Comments [ Post a Comment ]| Andy | Thanks for the beta! | | 
Hasn't voted | A couple of additional questions:
(1) Any guesses on the condition of Dead Dog? It doesn't look like there is a cornice?
(2) What made the snow conditions on your traverse below the crux junky? | | Posted May 18, 2005 1:38 pm |
 | | Doug Shaw | Re: Thanks for the beta! | | Hasn't voted | 1) My understanding is that Dead Dog rarely has a cornice. South Paw, on the other hand, has some massive cornicing above it...

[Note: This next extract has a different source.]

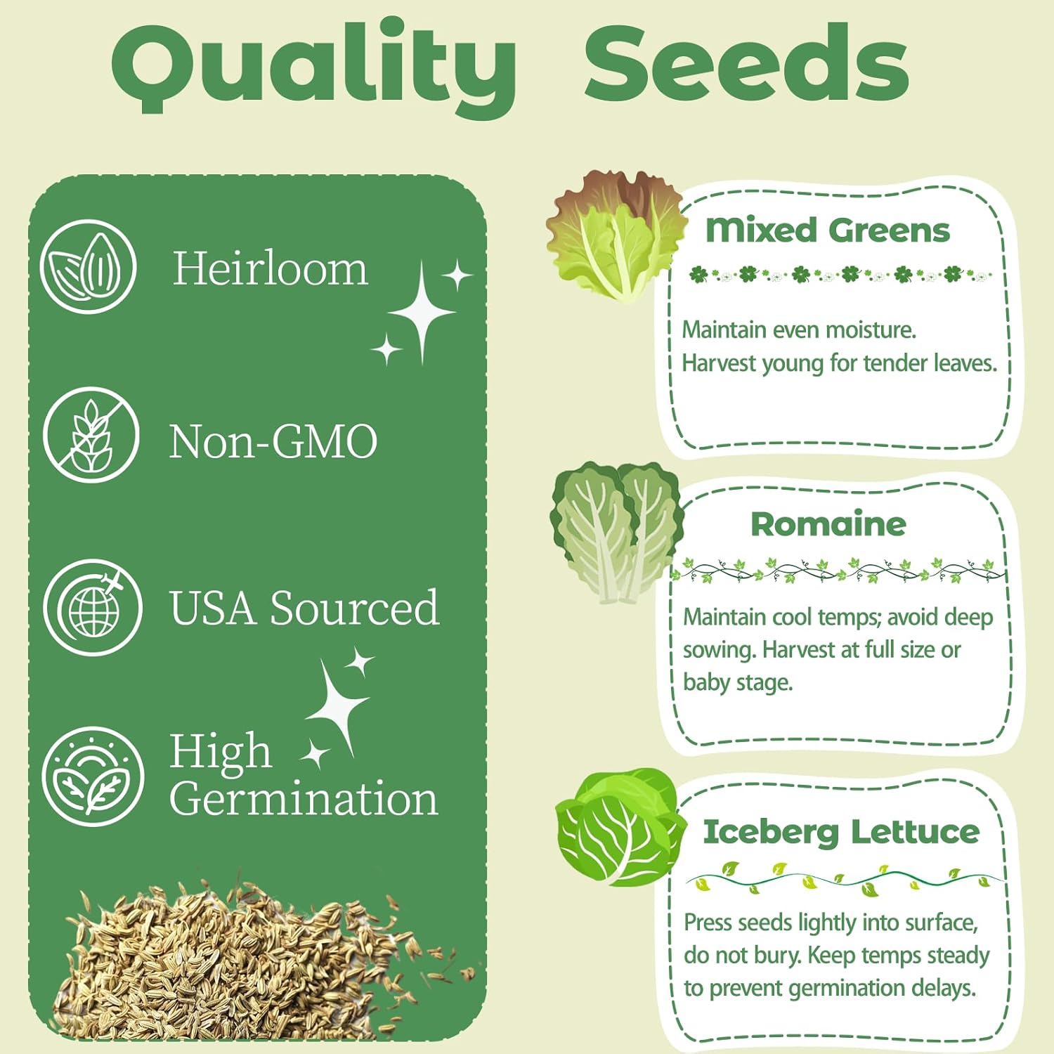 • High Germination Rate: This kit includes three types of lettuce seeds: Romaine, Iceberg Lettuce, and Mixed Greens. Enjoy a plentiful harvest with our high-quality seed pods that boast excellent germination. All fresh, reliable seeds sourced from USA ensure quick sprouting and healthy growth.
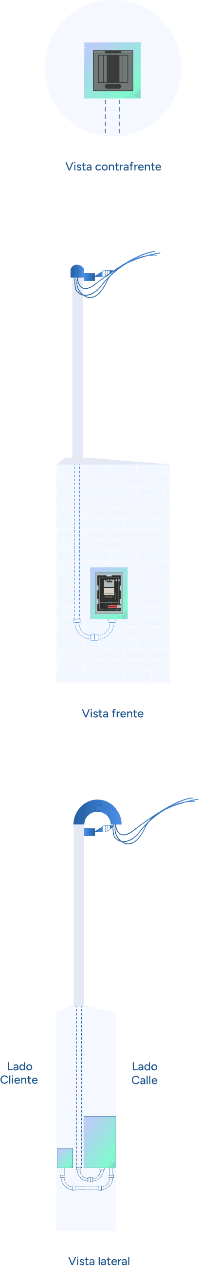 Si en el lugar donde vas a alojar el medidor ya existen otros medidores, se considera agrupado. Por lo tanto, deberás adecuar las instalaciones de acuerdo con alguno de los siguientes esquemas:

A party of 6 skied and boarded Dead Dog (one at a time) after climbing the ridge. There were additional ski tracks from days previous. I have heard that people were skiing it the next day (15 May), so the conditions may be acceptable, but there was a good bit of sloughing and small slide activity evident at the base of the E face of Torreys. Also, we did hear some odd sounds from the snowpack while kicking steps across the snowfields on the N face of Grays when we were descending. Not whoompfing or cracking, perhaps the slightest bit hollow in a couple spots; nothing that panicked us but it got our attention.
In general I'm opting to give general snow climbing another week or two before I look to get started. There's plenty of snow this year and if we run out there will be more next year. :)
I'd advise anybody climbing snow this early in the season to have the full complement of basic avy gear - beacon, probe, shovel.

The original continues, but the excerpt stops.